When choosing which model to use, clinicians should be aware that both QRISK2 and a modified Framingham model have been externally tested in South Asian populations and both have similar modest discrimination and overall performance but underestimate risk, particularly in South Asian women. The choice of which to use can therefore be guided by access, availability of risk factors, and local preferences. Both QRISK2 and the Framingham model are freely accessible on the internet but, whilst QRISK2 includes an option for ‘South Asian’, when using the Framingham model in South Asians clinicians would need to multiply the calculated risk by 1.4 for men before interpreting it. This is not difficult but adds a further step into risk calculation and limits the use of the Framingham model to screen electronic records. QRISK2 includes 15 variables compared to the 9 in the Framingham score. Age, gender, systolic BP, total cholesterol, HDL, smoking status and diabetes are risk factors common to both scores with the Framingham model additionally including left ventricular hypertrophy and QRISK2 body mass index, family history, social deprivation, antihypertensive treatment, ethnicity, hypertension, rheumatoid arthritis, chronic kidney disease and atrial fibrillation. Some of these additional variables in the QRISK2 model may not be readily known, however, in the validation study (Tillin et al. 2014), data were also not available for rheumatoid arthritis, chronic kidney disease, atrial fibrillation or left ventricular hypertrophy and family history data was missing for many participants so this may have limited consequences. Both are also recommended in current guidelines but these differ between countries with the UK National Institute for Health and Clinical Excellence (NICE) currently recommending QRISK2 (NICE 2015) and the American College of Cardiology suggesting the Framingham risk model or SCORE guidelines (Conroy et al. 2003) based on validation in Afro-Caribbeans (Goff et al. 2014).

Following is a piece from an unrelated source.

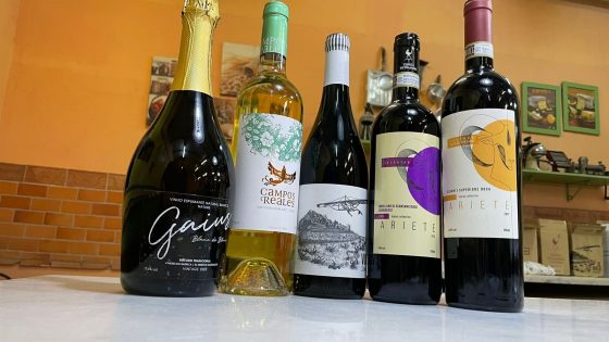 Os vinhos foram: - Espumante Gaius Blanc de Blanc Vintage Nature 24 Meses - Brasil - Campos Reales Branco 2021 - Espanha - El Vuelo Roble 2016 - Espanha - Ariete Chianti Superiore Governo DOCG 2017 - Itália - Ariete Incontro Morellino Di Scansano DOCG 2019 - Itália
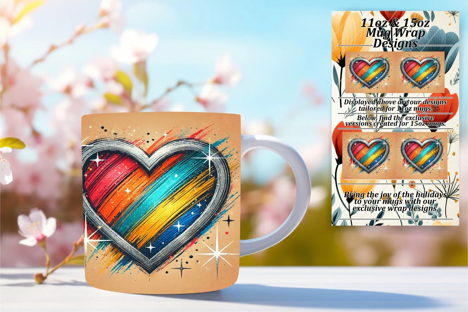Luxurious 11oz Mug Wrap Png Design , Heart example image 1

Unanswered questions and future research

Whilst this review provides a summary of published studies reporting the performance of CVD risk models in South Asian populations, it also highlights the lack of evidence in this area. Given the increasing incidence of CVD and reliance on risk prediction tools for treatment decisions, there is the need for further research in this area. This includes both wider validation of existing risk models, such as ETHRISK which is another modified version of the Framingham risk model designed to take account of ethnicity (Brindle et al. 2006), and the development of new models incorporating ethnicity to reduce the intrinsic difficulties when applying a risk model developed in one ethnicity to a different ethnicity in a different location and point in time. This work will also need to address the difficulties involved in developing risk models for South Asians where the umbrella term ‘South Asian’ includes persons with different levels of acculturation, different migration patterns and different ethnic subgroups, both within and outside the Indian subcontinent.

In the past, this has been limited by the lack of studies including South Asian populations but with the development of large cohorts such as the Emerging Risk Factors Collaboration (Danesh et al. 2007; Thompson et al. 2010) and UK Biobank (Elliott and Peakman 2008; Kaptoge et al. 2012) and the increasing availability of electronic medical record databases, it should now be possible to validate existing models and develop new ones. Only once we have an accurate risk model for South Asian populations, will we be able to maximise the potential benefits of a calibrated CVD risk assessment and directed primary preventive strategies for this group who make up 1 in 5 of the ever-expanding world population.